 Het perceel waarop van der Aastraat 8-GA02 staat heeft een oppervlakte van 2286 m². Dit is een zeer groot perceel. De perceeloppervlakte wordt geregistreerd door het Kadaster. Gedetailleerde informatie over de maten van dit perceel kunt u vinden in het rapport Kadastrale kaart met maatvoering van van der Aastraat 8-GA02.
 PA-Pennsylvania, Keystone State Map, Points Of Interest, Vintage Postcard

--

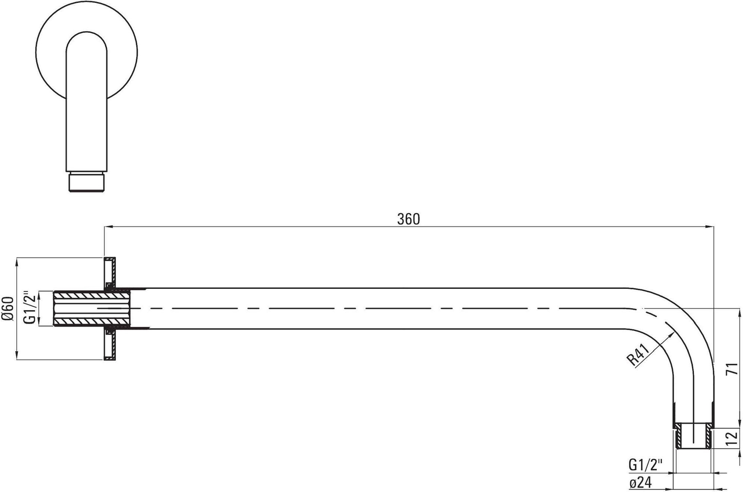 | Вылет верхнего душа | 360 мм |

- [What is needed]:
Your task is to restate, word for word, only those lines above that fall between the line holding "Het perceel waarop" and the line holding "PA-Pennsylvania, Keystone State", inclusive.

- [Expected output]:
 Het perceel waarop van der Aastraat 8-GA02 staat heeft een oppervlakte van 2286 m². Dit is een zeer groot perceel. De perceeloppervlakte wordt geregistreerd door het Kadaster. Gedetailleerde informatie over de maten van dit perceel kunt u vinden in het rapport Kadastrale kaart met maatvoering van van der Aastraat 8-GA02.
 PA-Pennsylvania, Keystone State Map, Points Of Interest, Vintage Postcard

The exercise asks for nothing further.